“What are we going to do between now and 2027? We still have two coal plants, Cordemais (west) and Saint Avoid (east), and we are going to completely convert them to biomass,” said Macron, re-elected in 2022 for five years.
Macron had already promised to abandon coal, but the Saint Avoid plant, closed at the beginning of 2022, was reopened in winter to produce electricity in a context of supply problems.
The president must reveal on Monday the “course” of his ecological plan that seeks to go “twice as fast” to respect his commitments to reduce greenhouse gases by 2030.

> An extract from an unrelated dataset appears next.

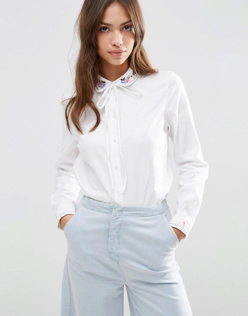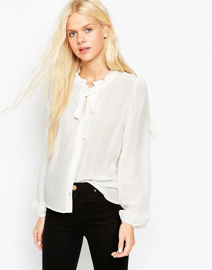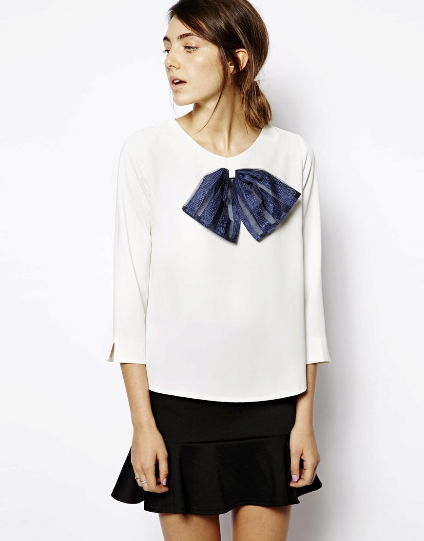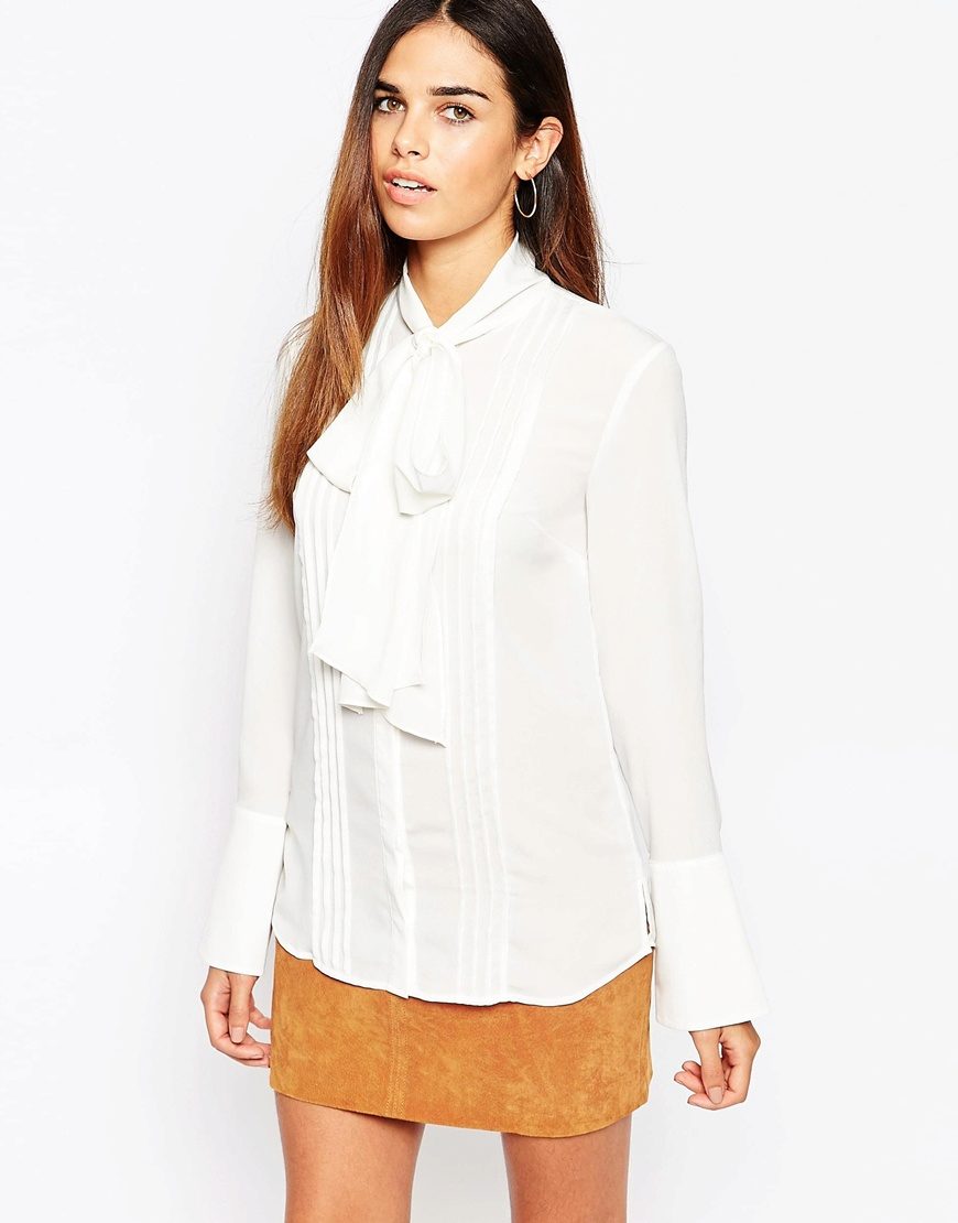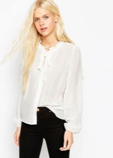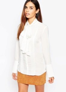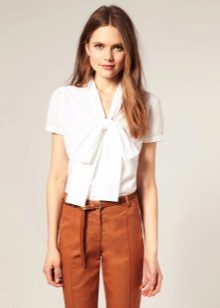 White blouse, decorated with a bow, is ideal for any business suit. The bow allows to soften a dry, official image, to make it more feminine and soft.

Although on the international scene he advocates the exit from fossil energies and green finance, the French head of state usually defends “an ecology of progress and solutions” and “non-punitive”,
Regarding gas heating, Macron specified this Sunday that he will not prohibit it so as not to leave people living in “the most rural areas without a solution”, but he advocated helping the installation of “heat pumps.”
To abandon fossil energies in the framework of the fight against climate change, France is committed to the development of the nuclear sector, its main source of electricity, and renewables.
But, in a context of rising energy prices after the Russian invasion of Ukraine, its government has been forced to look for solutions to limit the rise in fuel prices.
Macron thus announced a new aid of 100 euros ($106) per vehicle per year for the most modest “workers”, after giving up allowing gas stations to sell fuel at a loss due to their rejection. He now asked that it be sold at cost price.